*TASK REQUIREMENTS*:
What is needed is an exact repetition of the lines from the first one in the data through the line with "住展雜誌統計資料顯示,今年北", with no pictures.

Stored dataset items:
_ _ _ _ _
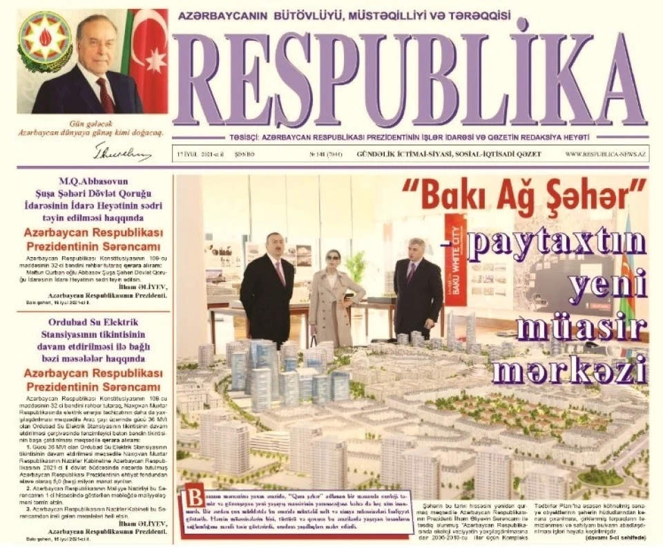 24 dekabr 2011-ci il tarixdə Prezident İlham Əliyev tərəfindən müasir dünyanın ən iri və möhtəşəm şəhərsalma layihələrindən biri olan “Bakı Ağ Şəhər”in təməli qoyuldu.
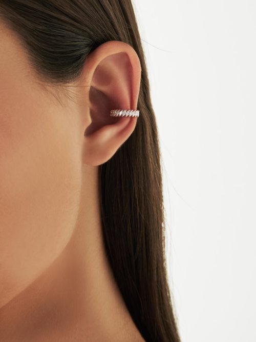 The ‘Everlasting Sparkle Ear Cuff single piece custom made in 18K Rose Gold featuring Marquise…
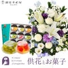 洋花を使った旬のおまかせ お供え花 Lサイズ+銀座千疋屋 銀座ゼリー9個入り 生花 FKAASW
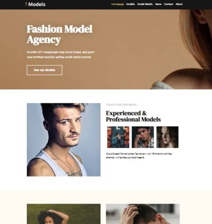 Fashion Model Agency 是一款专为时尚模特设计的简洁 WordPress 主题。有了它,您可以宣传自己,建立一个经纪公司网站,帮助您向全世界介绍自己的团队。该模板允许您展示每位模特的作品集、服务、照片库,并在博客上发布新闻和文章。
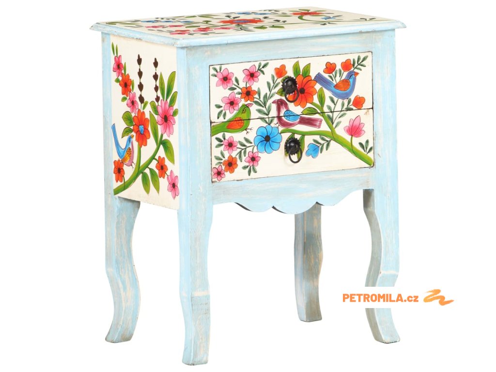 Ručně malovaný noční stolek 40x30x50 cm masivní mangovník
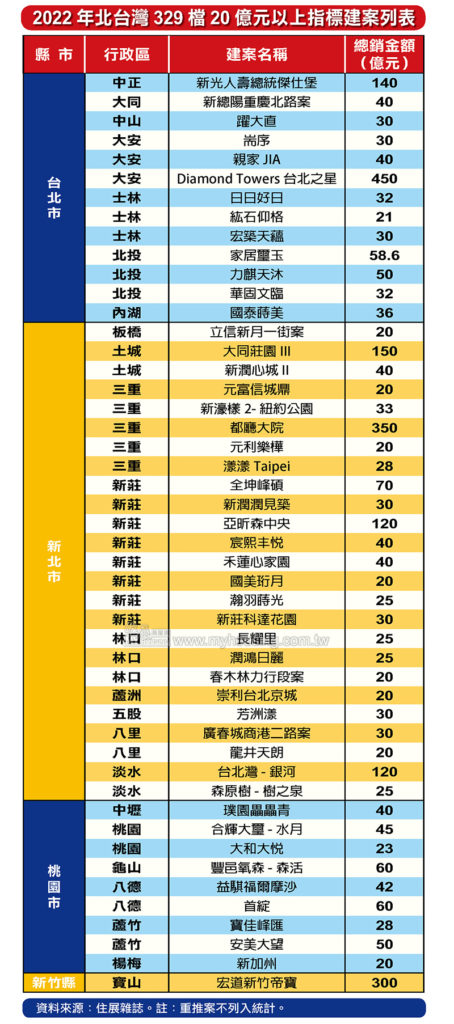 住展雜誌統計資料顯示,今年北台灣329檔期共有「Diamond Towers台北之星」、「新光人壽總統傑仕堡」、「都廳大院」、「大同莊園III」、「亞昕森中央」、「台北灣-銀河」、「宏道新竹帝寶」等7個大型指標案,如此多的百億級建案堪稱史上罕見。
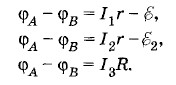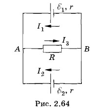 Два элемента, электродвижущие силы которых Решение. Зададим произвольно направление токов (см. рис. 2.64)*. * Если после решения задачи получится отрицательное значение силы тока, то это будет означать, что направление тока выбрано неправильно. Тогда на основании закона Ома для трех участков АВ (А — начало каждого участка, В — его конец) можно записать следующие уравнения:
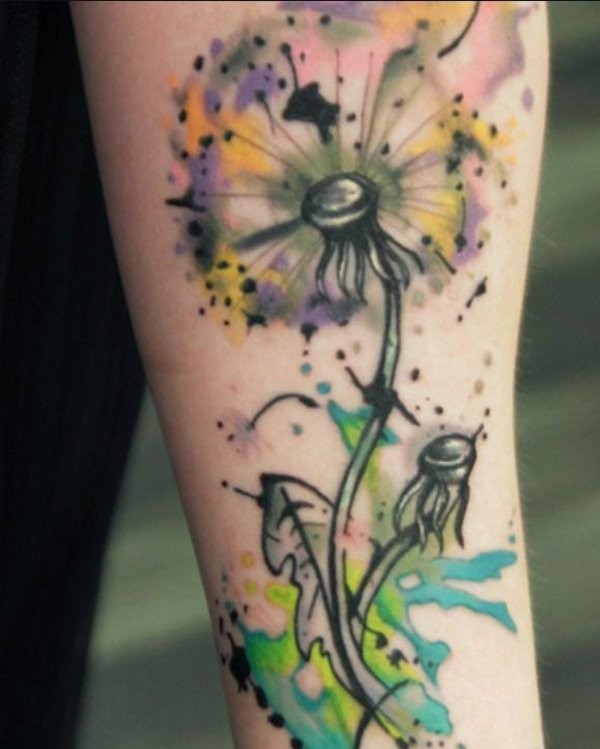 女性身上多种风格的蒲公英纹身动物图案纹身
_ _ _ _ _
*EXERCISE SOLUTION*:
 24 dekabr 2011-ci il tarixdə Prezident İlham Əliyev tərəfindən müasir dünyanın ən iri və möhtəşəm şəhərsalma layihələrindən biri olan “Bakı Ağ Şəhər”in təməli qoyuldu.
 The ‘Everlasting Sparkle Ear Cuff single piece custom made in 18K Rose Gold featuring Marquise…
 洋花を使った旬のおまかせ お供え花 Lサイズ+銀座千疋屋 銀座ゼリー9個入り 生花 FKAASW
 Fashion Model Agency 是一款专为时尚模特设计的简洁 WordPress 主题。有了它,您可以宣传自己,建立一个经纪公司网站,帮助您向全世界介绍自己的团队。该模板允许您展示每位模特的作品集、服务、照片库,并在博客上发布新闻和文章。
 Ručně malovaný noční stolek 40x30x50 cm masivní mangovník
 住展雜誌統計資料顯示,今年北台灣329檔期共有「Diamond Towers台北之星」、「新光人壽總統傑仕堡」、「都廳大院」、「大同莊園III」、「亞昕森中央」、「台北灣-銀河」、「宏道新竹帝寶」等7個大型指標案,如此多的百億級建案堪稱史上罕見。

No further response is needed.